Below are the records; repeat exactly their lines between the line holding "Với Hitachi R-WXC74T" and the line holding "2025г. Свадебный букет", inclusive, skipping the pictures.

[Data excerpts]
● ● ●

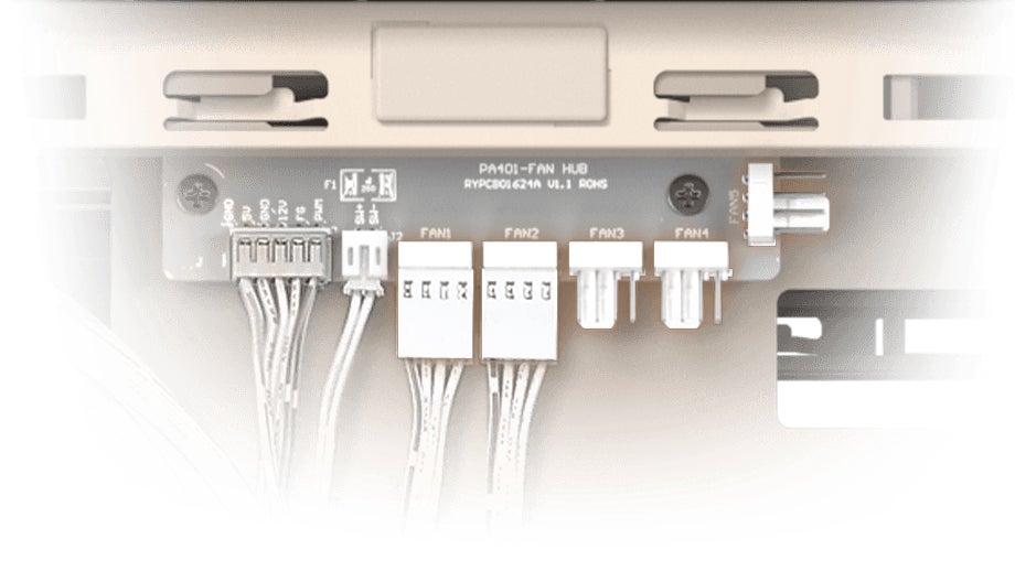 PWMファンハブを搭載することでシステムファンを一か所でまとめて制御。最大5基のPWMファンに対応します。フロントのファンスピードコントロールボタンで制御が可能です。
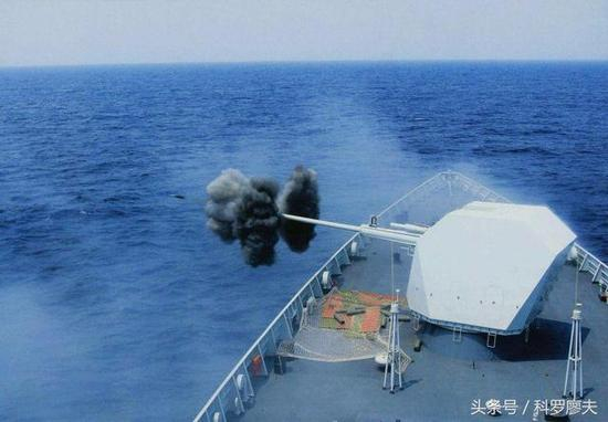 中国052D导弹驱逐舰所使用的H/PJ38型单管130毫米舰炮,外观处理整洁漂亮。
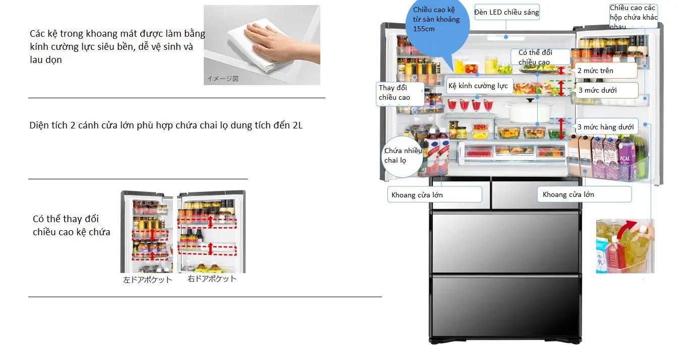 Với Hitachi R-WXC74T dung tích tủ là 735L, bạn có thể chọn dung lượng lớn hơn tùy theo không gian lưu trữ của mình và gần như đây là phân khúc và kích thước được dùng nhiều nhất. Các vật chứa cao như chai lọ có thể được bảo quản thẳng đứng trên giá đầu tiên của tủ lạnh Hitachi R-WXC74T. Bạn có thể sử dụng nó đúng cách với túi cửa để đựng nhiều chai lọ và sắp xếp chúng một cách hợp lí theo ý thích của bạn. Ngoài ra tất cả các kệ trong ngăn mát tủ lạnh đều có khả năng chống trầy xước vì được làm bằng kính cường lực cao cấp, dễ dàng lau chùi vệ sinh.
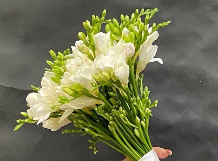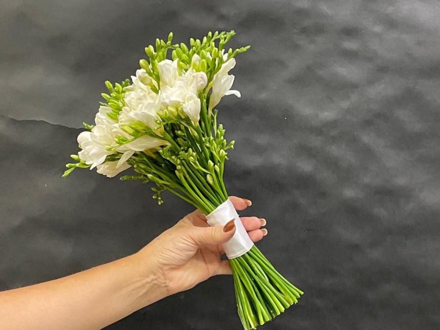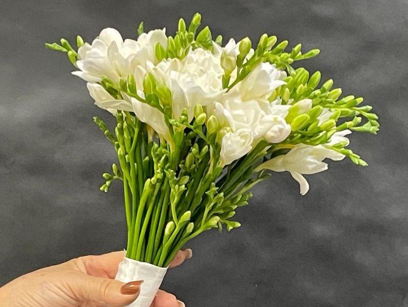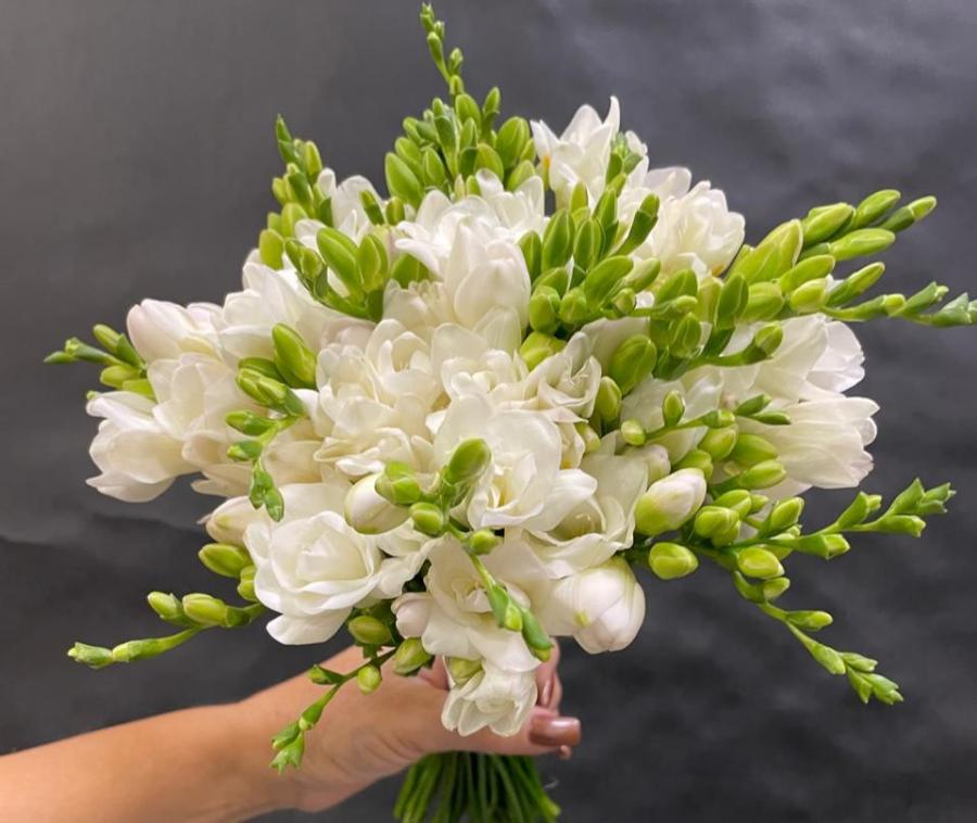 2025г. Свадебный букет из фрезий для невесты. Круглый. Состав: 35 фрезия. Цвет: Белый. Размер (23х23х35)
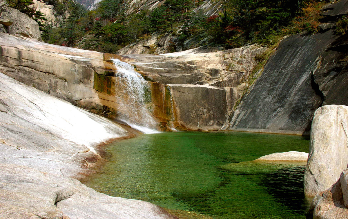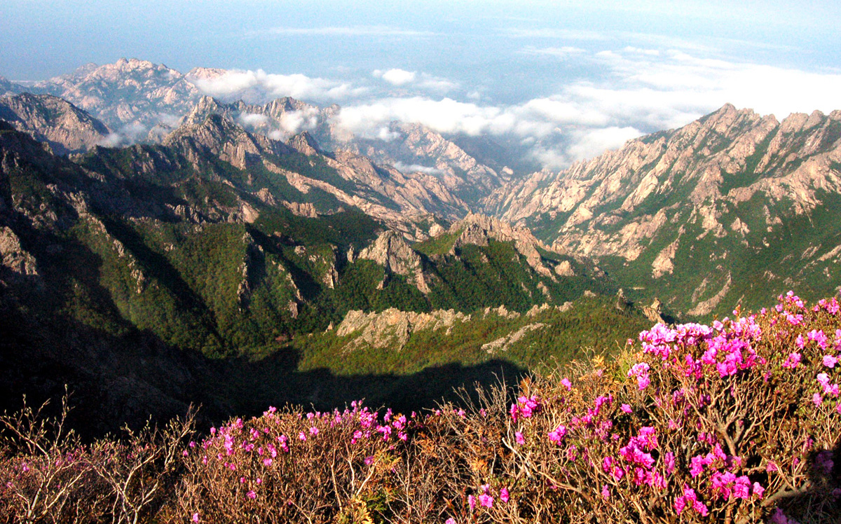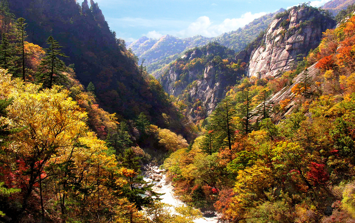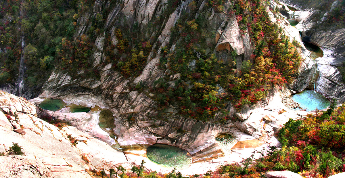 Mt Kumgang a celebrated mountain in the DPRK, presents spectacular natural scenery with gigantic cliffs, deep valleys and many pools blending well with green foliage.
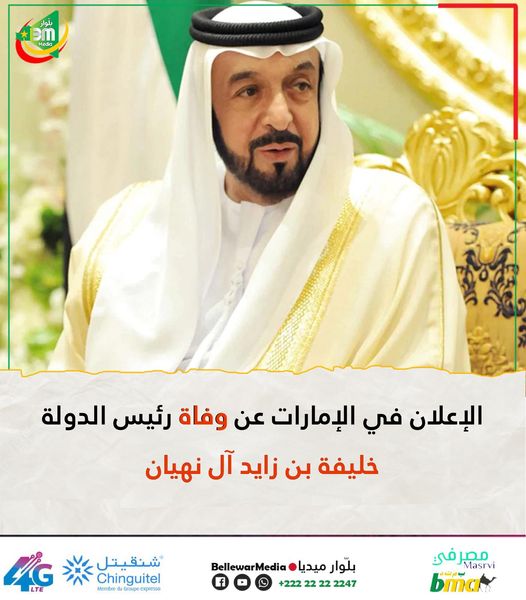 نعت وزارة شؤون الرئاسة الإماراتية، إلى شعب دولة الإمارات والأمتين العربية والإسلامية، والعالم أجمع، الشيخ خليفة بن زايد آل نهيان رئيس الدولة الذي تُوفي اليوم الجمعة 13 مايو.
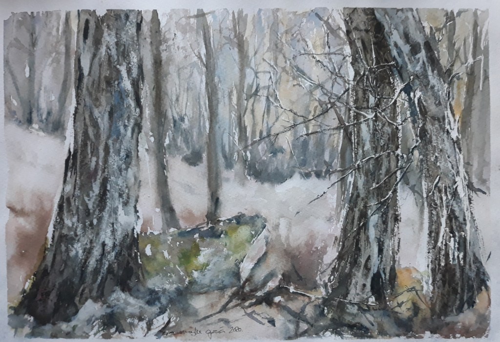 REFLEJOS EN CALMA. Acuarela 56 x 38 cmVIAJANDO POR TIERRAS INHÓSPITAS. Acuarela 5638 cmSILENCIO ÁRTICO. Acuarela 75 x 55 cm. Obra PREMIADA para el calendario AEDA 2026VIAJANDO POR LA SERRANÍA DE CUENCA. Acuarela 54 x 25 cmVIAJANDO POR EL ÁRTICO. Acuarela 75 x 55 cm. POR LOS CAMINOS DE OTOÑO. Acuarela 56 x 38 cmDE OTOÑO A INVIERNO . Acuarela 75 x 55 cm.OTOÑO EN IRATI. Acuarela 56 x 38 cm. Técnica mixta. PARQIUE DE LA FUENTE DEL BERRO II. Acuarela 40 x 25 cm.ESAS MONTAÑAS NEVADAS. Acuarela 56 x 38 cmINVIERNO II. Acuarela 50 x 35 cmDIA DE TORMENTA. Acuarela 56 x 38 cm.CRUZAMOS EL RÍO. Acuarela 56 x 38 cmDESDE LA ISLA . Acuarela 36 x 25 cm.EL PASO DE LA LAGUNA DEL REY. Acuarela. 57 x 37 cm.NIEBLAS AL AMANECER. RUIDERA. Acuarela 56 x 38 cmÁRBOLES DEL RÍO TOROTE. Acuarela 50 x 36 cm.DESHIELO EN EL POLO. Acuarela 50 x 36 cm.SALTOS DE AGUA EN LAS LAGUNAS. Acuarela 57 x 38 cmCONTRALUZ AL ATARDECER. Acuarela. 50 X 35 CMBARRO EN EL RÍO TOROTE – Acuarela 77 x 57 cmNIEVE EN EL DESIERTO – Acuarela 40 x 27 cmÁRBOL SECO – Acuarela 44 x 37 cmPASEO DEL JARDÍN – Acuarela 35 x 25 cmENTRADA AL JARDÍN – Acuarela 38 x 28,5 cm-LA FUENTE I – Acuarela 46 x 38 cm.BOSQUE DE RIVERA – Acuarela 45,5 x 38 cmÁRBOL SECO – Acuarela 44 x 37,5 cm

● ● ●

> [ANSWER BELOW]
 Với Hitachi R-WXC74T dung tích tủ là 735L, bạn có thể chọn dung lượng lớn hơn tùy theo không gian lưu trữ của mình và gần như đây là phân khúc và kích thước được dùng nhiều nhất. Các vật chứa cao như chai lọ có thể được bảo quản thẳng đứng trên giá đầu tiên của tủ lạnh Hitachi R-WXC74T. Bạn có thể sử dụng nó đúng cách với túi cửa để đựng nhiều chai lọ và sắp xếp chúng một cách hợp lí theo ý thích của bạn. Ngoài ra tất cả các kệ trong ngăn mát tủ lạnh đều có khả năng chống trầy xước vì được làm bằng kính cường lực cao cấp, dễ dàng lau chùi vệ sinh.
 2025г. Свадебный букет из фрезий для невесты. Круглый. Состав: 35 фрезия. Цвет: Белый. Размер (23х23х35)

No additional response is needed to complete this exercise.